Yes - after I log in, I get a new page (/app/linking) with the option to select the patient at the top. I only have one patient, but I have to select it to proceed. The username of that patient is what is in the patientId field in the message calls.

That new page makes a call to https://carelink.minimed.com/patient/m2m/links/patients
It responds with (user info replaced for privacy):
[ {
"firstName" : "First",
"lastName" : "Last",
"status" : "ACTIVE",
"username" : "patient_username",
"notificationsAllowed" : false,
"nickname" : "JS",
"lastDeviceFamily" : "BLE",
"patientUsesConnect" : true
} ]

I think this is what you are asking for - let me know if you need more. :)

[mattster98]

I hard coded the patient ID into the message request and have data again, so that seems to be the main issue. I tried to add a parameter for it as a config/env var but I don't know what I'm doing so I haven't managed to get that to work yet.

[benceszasz]

@mattster98 are you using 770G? What is the URL that you have used successfully to retrieve data from CareLink with patient ID hardcoded (you can replace the actual patient ID for privacy, I am just curious about the url structure)?

[mattster98]

Yes.

I didn't change the URL anywhere in the code, just added that new parameter.

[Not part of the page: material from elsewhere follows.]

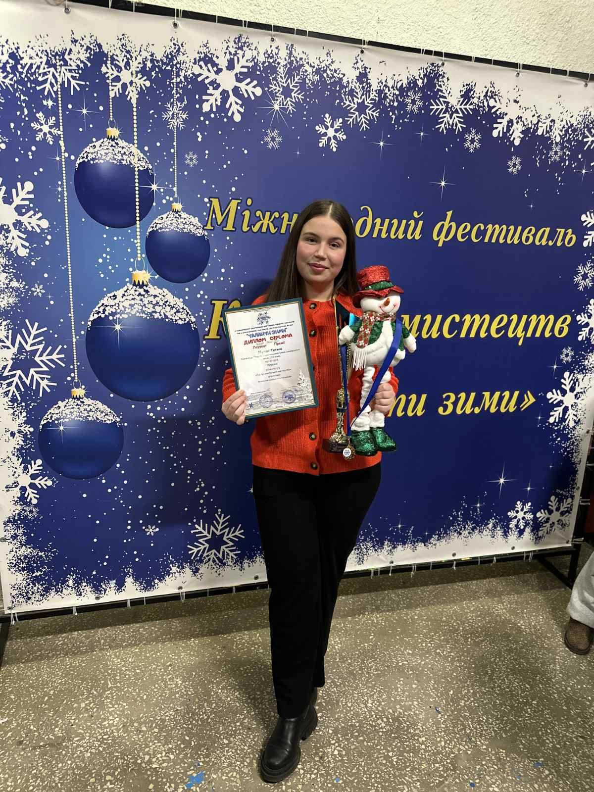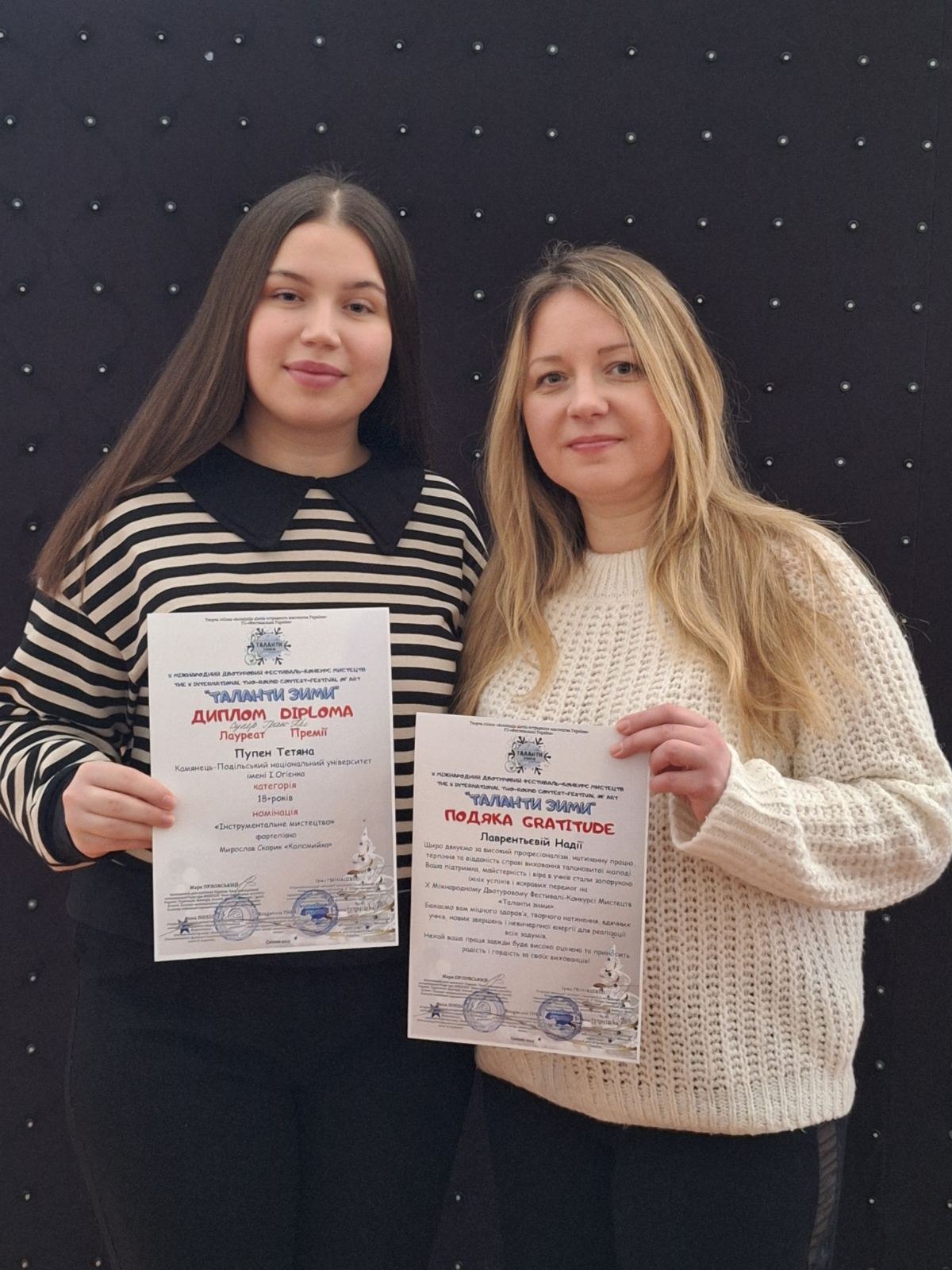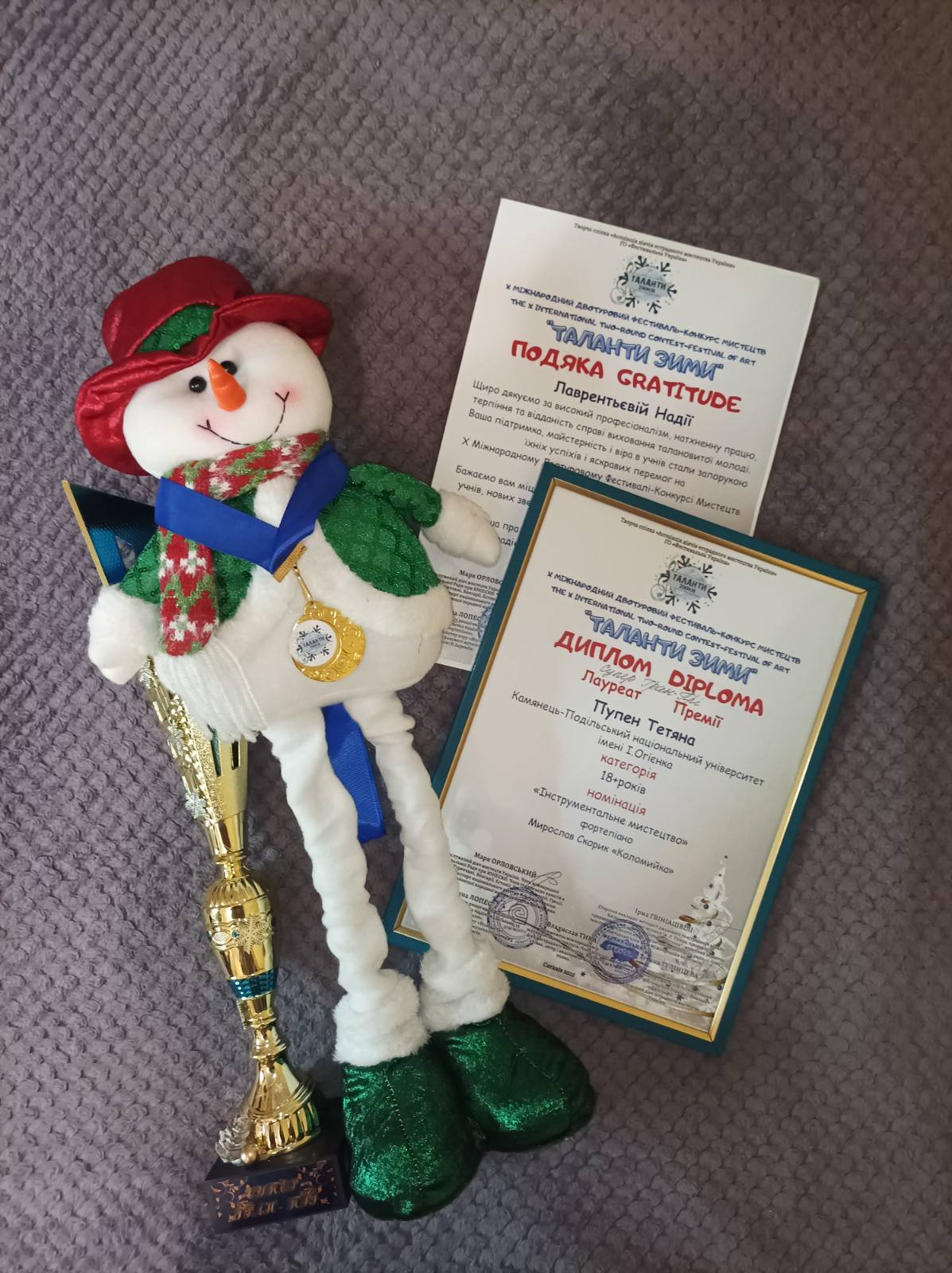 Щиро вітаємо Пупен Тетяну, здобувачку другого (магістерського) рівня вищої освіти предметної спеціальності Середня освіта (Мистецтво. Музичне мистецтво), з вагомим здобутком – Супер Гран Прі на Міжнародному двотуровому фестивалі-конкурсі мистецтв «Таланти зими» в номінації Інструментальне мистецтво, клас доцента Надії Лаврентьєвої.

From the logging I have, it's hitting:
https://clcloud.minimed.com/connect/carepartner/v6/display/message

Honestly after you select the patient on the new screen, the carelink interface looks exactly the way it did before. I think that new /app/linking page that makes the call to patients is the only new stuff.

[benceszasz]

Which parameter have you added and to what?
Are you using Care Partner account or Patient account?
For me Connect web (CareLink Personal > Connect page) doesn't show the CGM/pump data of 7XXG pumps, but shows a message to use the Connect mobile app. In the EU the Connect web app never worked for 7xxG pumps only for the standalone CGM. 7xxG pumps could only be used with the Connect mobile app.

[mattster98]

Not sure if you can see this: 0700ef4

That was my attempt to add the parameter. The username is still the carepartner account, but I added the patient ID which is the patient account username. Edit to be clear: this change doesn't work because I couldn't figure out how to plumb a new env variable from my docker config into this code.. this was just my initial plan. I ended up replacing the new parameter with just "mypatientusername" just like the role parameter looks.

Here's a screenshot of the change in case that link doesn't work.

[paul1956]

There is not a list of patients from the server, the Carelink Connect client requires you know it and it saves it locally to present the list. If you think about it you are logging in with one ID and could be following 5 people that may not know each other (think about a school nurse).

[mattster98]

@paul1956 , I provided the call and response [above] (#11 (comment)) from the server that provides what looks like a json formatted patient list. I only have one patient but I'm sure after you connect with multiple it lists them and you can choose from there.

This information is on my carelink account and is provided by the server, not on any client since I'm just using the web interface there.

[GauriSpears]

Hi, guys! As far as I see there's a lot of investigation about how to get info from 7xxG pump. But what about sending commands to it? AccuChek Guide Link glucose meter as well as transmitters can at least send glucose level to a pump. Does this protocol allow full control? The reason is that sometimes it may be difficult to get the pump when it's under several layers of clothes.